Gate-controlled hysteresis curves and dual-channel conductivity in an undoped Si/SiGe 2DEG structure

Abstract

Exploring the cryogenic transport properties of two-dimensional electron gas in semiconductor heterostructures is always a focus of fundamental research on Si-based gate-controlled quantum devices. In this work, based on the electrical and magnetic transport characteristics of Si/SiGe heterostructure Hall bar-shaped field effect transistors (FETs) at 10 K and 1.6 K, we study the effects of electron tunneling, which occurs in the heterostructure and populates the oxide/semiconductor interface, on its transport properties. The initial position of dual-channel conduction is determined by the gate-controlled electrical hysteresis curves. Furthermore, we discover that there exist different tunneling mechanisms of electrons in a Si quantum well under the action of gate voltage, and the electron tunneling can well explain the two drain current plateaus appearing in direct-current transfer characteristics.

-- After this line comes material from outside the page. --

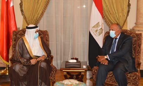 During their meeting, Shoukry and Al-Zayani said a solution to the Israeli-Palestinian conflict should be based on the two-state solution and the rules of international law and resolutions.

Combining the power-law exponent of electron mobility versus density curve and the gate-related Dingle ratio, we clarify the dominant scattering mechanism, and the result can be supported by different tunneling mechanisms. Our work demonstrates the gate-dependent electronic transport performance in undoped Si/SiGe heterostructure FETs, which has an implication for the development of Si/SiGe heterostructure gate-defined quantum dot quantum computation.